Gianluigi Cassino, Career Coach e Talent Acquisition Specialist in Radar, continua a svelare come rispondere alle domande più frequenti durante un colloquio di lavoro e quali sono le 3 risposte da evitare.
Come convincere un recruiter che sei la persona giusta? Cosa dire sui tuoi obiettivi professionali? E cosa chiedere alla fine dell'incontro? Nel primo appuntamento abbiamo affrontato tre grandi classici: “Parlami di te”, “Qual è il tuo punto debole?” e “Perché vuoi lavorare qui?”.
Ora continuiamo il nostro viaggio tra le domande da colloquio di lavoro con Gianluigi Cassino, Career Coach di Radar Academy, e scopriamo altre 3 risposte da evitare e come renderle più efficaci.
“Perché sono una persona motivata e imparo velocemente”. Motivazione e capacità di apprendere sono certamente caratteristiche positive. Il problema è che, dette così, rimangono affermazioni difficili da verificare e potrebbero essere pronunciate da quasi tutti i candidati.
Per rendere la risposta più efficace, prova a spostare il focus dalle caratteristiche che pensi di avere a ciò che concretamente puoi portare nel ruolo.
Ad esempio: “In questa posizione potrei portare questa competenza, che ho già sviluppato durante questa esperienza”.
In questo modo non ti limiti a descriverti attraverso una qualità, ma fornisci al recruiter un elemento concreto su cui valutare il tuo profilo.
Il punto, infatti, non è dimostrare di essere “migliori” degli altri candidati, ma aiutare il recruiter a capire quale valore potresti portare all'azienda, collegando le tue competenze e le tue esperienze alle esigenze della posizione.

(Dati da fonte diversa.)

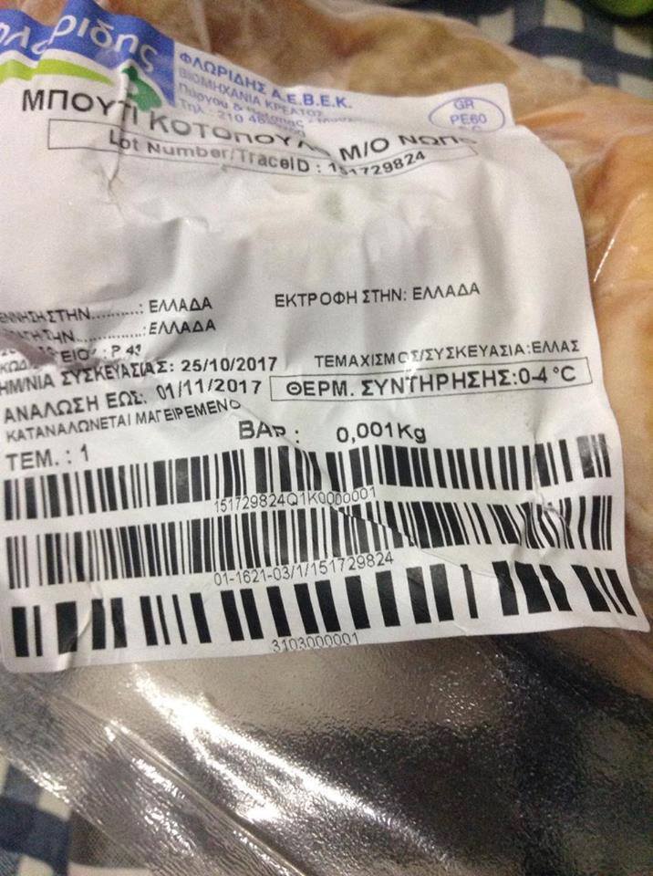 Για του λόγου το αληθές δείτε τις ακόλουθες φωτογραφίες, από τις οποίες ευδιάκριτα προκύπτει η ημερομηνία λήξεως του προϊόντος. Η διανομή έγινε στις 7 – 11 – 2017, δηλαδή 6 ημέρες μετά από την ημερομηνία λήξεως (1 – 11 – 2017).

“Spero di essere al tuo posto!”. Una battuta può alleggerire il clima del colloquio, ma questa domanda è soprattutto un'occasione per raccontare in quale direzione vorresti crescere professionalmente.
Il recruiter non si aspetta necessariamente che tu sappia indicare con precisione il ruolo, l'azienda e le responsabilità che avrai tra cinque anni. Quello che può essere interessante capire è, piuttosto, quali sono i tuoi obiettivi e come immagini la tua crescita professionale.
Puoi quindi parlare delle competenze che vorresti sviluppare, delle responsabilità che nel tempo ti piacerebbe assumere o dell'ambito nel quale vorresti specializzarti.
Una risposta potrebbe essere: “Nei prossimi anni vorrei consolidare le mie competenze in questo ambito, acquisire maggiore autonomia e, con l'esperienza, assumere responsabilità crescenti”.
Non serve avere già definito ogni tappa del proprio percorso. È più utile mostrare di avere una direzione, spiegando in che modo la posizione per cui ti stai candidando può inserirsi nel tuo percorso di crescita.
“No, è tutto chiaro”. Può sembrare una risposta innocua, soprattutto se durante il colloquio hai già ricevuto molte informazioni. Ma rinunciare a fare domande significa anche perdere un'occasione importante.
La fase finale del colloquio, infatti, non serve soltanto al recruiter per conoscerti: serve anche a te per capire meglio il ruolo, il team e l'azienda.
Preparare una o due domande può aiutarti a mostrare interesse e, soprattutto, a raccogliere informazioni utili per valutare l'opportunità.
Potresti chiedere, ad esempio: “Quali saranno le priorità della persona che entrerà in questo ruolo nei primi mesi?” oppure “Come è composto il team con cui lavorerò?”.
Meglio evitare, invece, domande la cui risposta è facilmente reperibile sul sito aziendale o nella job description: potrebbero dare l'impressione che tu non abbia approfondito abbastanza l'azienda o la posizione prima del colloquio.
Anche in questo caso, quindi, non esiste una “domanda perfetta”. L'obiettivo è dimostrare curiosità e utilizzare gli ultimi minuti dell'incontro per capire se quella posizione è davvero in linea con ciò che stai cercando.
Non esiste una formula universale per rispondere alle domande da colloquio di lavoro. Cercare di imparare a memoria la risposta “giusta” rischia, anzi, di rendere il colloquio meno spontaneo.
Il consiglio è prepararsi in modo diverso: riflettere sulle proprie esperienze, individuare esempi concreti e imparare a collegarli alla posizione per cui ci si sta candidando.
Che ti venga chiesto perché l'azienda dovrebbe scegliere te, dove ti immagini tra cinque anni o se hai qualche domanda da fare, prova quindi a partire sempre da ciò che conosci meglio: il tuo percorso, le tue competenze e i tuoi obiettivi.
Prepararsi a un colloquio non significa conoscere in anticipo tutte le domande, ma arrivare all'incontro sapendo quali aspetti del proprio profilo si vogliono raccontare e quali esempi possono renderli credibili.